Matching Wildcards: An Empirical Way to Tame an Algorithm


Wildcard matching routines are easy to describe and convenient to use, but deceptively challenging to implement. In 2008, when Dr. Dobb's published my first wildcard-matching algorithm, the Internet didn't provide very many alternatives that were both understandable and totally correct, let alone suitable for high-performance programs that need to compare numerous text strings quickly. For example, many of the best-tested varieties were recursive. That made them not only relatively slow compared with similar code that doesn't have the overhead of growing and shrinking stack space as it runs, but also vulnerable to overflowing the stack given certain pathological input.

Times have changed. In these days of myriad fancy hacks, a quick search turns up a broad range of non-recursive wildcard matching algorithms, coded in C, Java, and other languages. Most of them are crash-proof. But do all of them do the job as expected? Do some of them perform better than others? How can you tell?

Wild Pitfalls

A few thorny problems affect wildcard-matching algorithms:

  • To be correct, they need to handle repeating text patterns in the input strings. Repeating patterns can confound pattern matching, either when the pattern almost seems like a match but isn't, or when more than one instance of the pattern, in a single string, could match.
  • They may encounter situations in which the character that designates a wildcard (typically *) appears in the "tame" input string (a string without wildcards) as well as in the "wild" input string. A routine that compares characters from each string and upon finding a match just looks for further character matches, without taking note of the wildcard, is again susceptible to false negatives. When you're comparing the "tame" string "x*yy" with the "wild" string "x*y", you most likely want your wildcard character to be recognized as a wildcard, just as usual.
  • They also need to handle situations in which a wildcard character might appear one or more times at the beginning or end of a string, as well as in the middle. Because a * wildcard can match any number of characters, including none; the string "xy" can match "***x*****y***".   Failure to address all the possibilities can cause misbehavior. Even a careful code review can miss inconsistencies that make a routine handle certain wildcard arrangements differently from others.

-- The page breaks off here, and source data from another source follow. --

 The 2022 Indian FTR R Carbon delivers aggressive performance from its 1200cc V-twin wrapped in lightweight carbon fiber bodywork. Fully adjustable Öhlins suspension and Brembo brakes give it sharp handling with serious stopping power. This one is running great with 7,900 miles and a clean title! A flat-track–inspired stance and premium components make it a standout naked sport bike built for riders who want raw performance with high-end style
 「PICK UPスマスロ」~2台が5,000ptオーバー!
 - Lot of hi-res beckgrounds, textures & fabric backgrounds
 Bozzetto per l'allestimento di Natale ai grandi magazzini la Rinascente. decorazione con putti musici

If you want to test your choice of wildcard-matching code in a way that covers all of these possibilities and more, is it enough to create test cases that invoke it by way of other routines in your code? Your safest bet may instead be to create a batch of tests that target just the standalone wildcard-matching routine.

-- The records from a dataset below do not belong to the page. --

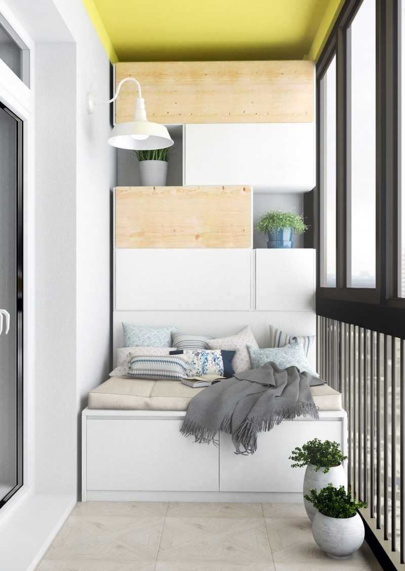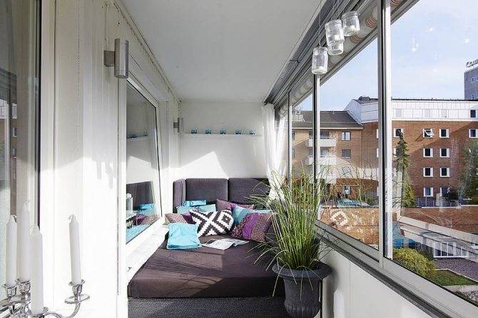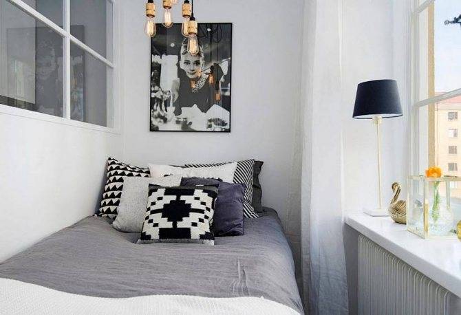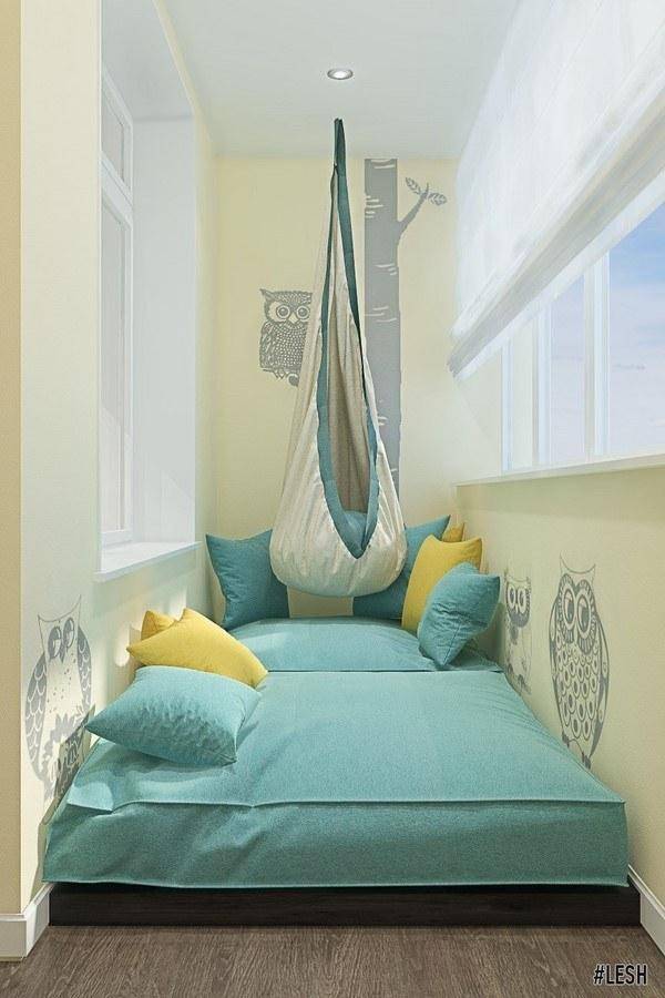 При составлении проекта, не забудьте сразу подыскать подходящую мебель. Это может быть кровать со съемным матрасом или раскладная. Желательно, чтобы ее можно было смонтировать на месте, потому что она может не пролезть в узкие балконные двери.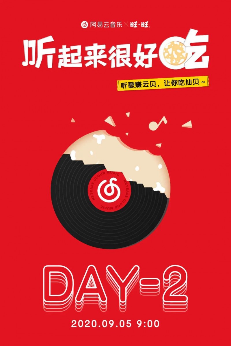 为了宣传线上活动,旺旺×网易云音乐推出特别单曲&视频《听起来很好吃》,在发布视频前,旺旺旺旺发布了3张倒计时海报,海报将旺旺仙贝和网易云的音乐元素进行结合,体现出#听起来很好吃#的主题,为视频预热。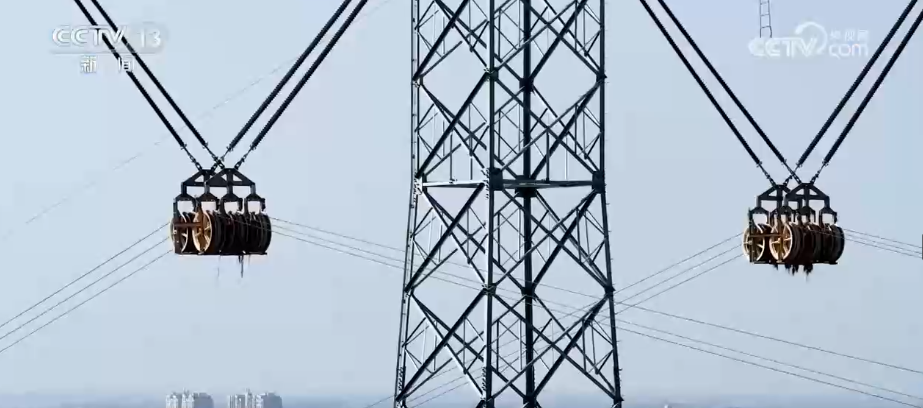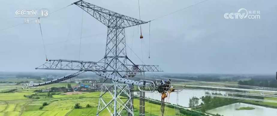 在安徽省六安市施工现场,90米的高空中,6根输电导线向着塔位匀速前进。随着所有导线平稳抵达预定位置,“陕电入皖”工程安徽段实现全线贯通。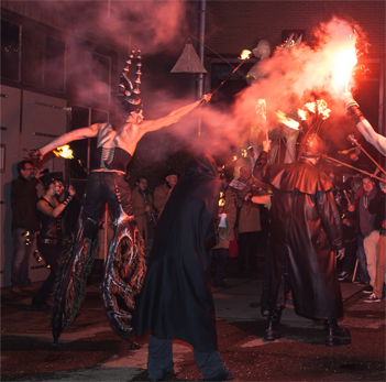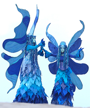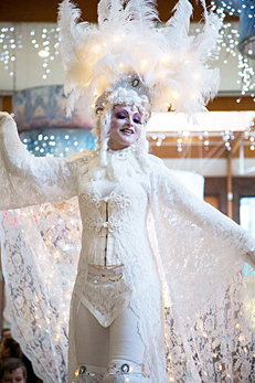 2 tot 5 stralend witte steltenfiguren dansen met hun lichtgevende kanten mantels statig door de straten. De wind waait door de veren van hun pruiken, en tilt hun mantels op terwijl zij voortschrijden, hun verlichtte lichamen doen ons aan engelen denken. Prachtige act voor de donkere winterdagen, maar het wit leent zich het hele jaar door ook voor bruiloften of frisse zomer events!

If you run that set of tests and don't like the results, you have the option either to change out the routine for one of the many that are available, or to tweak what you've got. Whichever path you choose, Listing One provides a set of tests intended to cover the bases I've just outlined.

Wild Design

When a wildcard matching routine needs to handle thousands, or millions, of text strings while a user waits, you'd like to do more than just get the job done. You want it done fast. The wide range of wildcard-matching algorithms available today is associated with an equally wide a range of performance. Analyzing and tuning your algorithm of choice for performance can be done in many ways. I've come up with an approach that combines test-driven development with performance profiling. This combination delivers measurable benefits.

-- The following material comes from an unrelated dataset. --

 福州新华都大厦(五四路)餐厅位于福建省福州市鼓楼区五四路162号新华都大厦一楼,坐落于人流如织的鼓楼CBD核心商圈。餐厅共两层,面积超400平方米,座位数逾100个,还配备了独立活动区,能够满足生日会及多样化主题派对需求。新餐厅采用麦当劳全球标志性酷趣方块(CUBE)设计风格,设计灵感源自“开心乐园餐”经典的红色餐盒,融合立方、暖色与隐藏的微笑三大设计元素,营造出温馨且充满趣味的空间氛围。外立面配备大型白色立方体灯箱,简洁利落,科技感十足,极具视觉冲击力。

Listing Two lays out my latest wildcard matching code in C. With it, a question mark (?) matches a single character, and an asterisk (*) can match any number of characters; you can easily substitute the ? and * with other single wildcard characters that may fit your needs. I arrived at this code using the tests of Listing One and studying performance profiler outcomes.

Listing Two

// This function compares text strings, one of which can have wildcards 
// ('*' or '?').
//
bool WildTextCompare(
    char *pTameText,   // A string without wildcards
    char *pWildText    // A (potentially) corresponding string with wildcards
)
{
    // These two values are set when we observe a wildcard character.  They 
    // represent the locations, in the two strings, from which we start once 
    // we've observed it.
    //
    char *pTameBookmark = (char *) 0;
    char *pWildBookmark = (char *) 0;

    // Walk the text strings one character at a time.
    while (1)
    {
        // How do you match a unique text string?
        if (*pWildText == '*')
        {
            // Easy: unique up on it!
            while (*(++pWildText) == '*')
            {
            }                          // "xy" matches "x**y"

            if (!*pWildText)
            {
                return true;           // "x" matches "*"
            }

            if (*pWildText != '?')
            {
                // Fast-forward to next possible match.
                while (*pTameText != *pWildText)
                {
                    if (!(*(++pTameText)))
                        return false;  // "x" doesn't match "*y*"
                }
            }

            pWildBookmark = pWildText;
            pTameBookmark = pTameText;
        }
        else if (*pTameText != *pWildText && *pWildText != '?')
        {
            // Got a non-match.  If we've set our bookmarks, back up to one 
            // or both of them and retry.
            //
            if (pWildBookmark)
            {
                if (pWildText != pWildBookmark)
                {
                    pWildText = pWildBookmark;

                    if (*pTameText != *pWildText)
                    {
                        // Don't go this far back again.
                        pTameText = ++pTameBookmark;
                        continue;      // "xy" matches "*y"
                    }
                    else
                    {
                        pWildText++;
                    }
                }

                if (*pTameText)
                {
                    pTameText++;
                    continue;          // "mississippi" matches "*sip*"
                }
            }

            return false;              // "xy" doesn't match "x"
        }

        pTameText++;
        pWildText++;

        // How do you match a tame text string?
        if (!*pTameText)
        {
            // The tame way: unique up on it!
            while (*pWildText == '*')
            {
                pWildText++;           // "x" matches "x*"
            }

            if (!*pWildText)
            {
                return true;           // "x" matches "x"
            }

            return false;              // "x" doesn't match "xy"
        }
    }
}

As I tweaked and refactored this code, I looked for ways to either postpone or altogether leave out conditional checks and references to variables, even those that could consume just a few clock cycles at a time. Because I had my set of tests ready to let me know when my code was mistakenly skipping a crucial step or three, I was able to aggressively try out any changes that looked as if they might speed things along.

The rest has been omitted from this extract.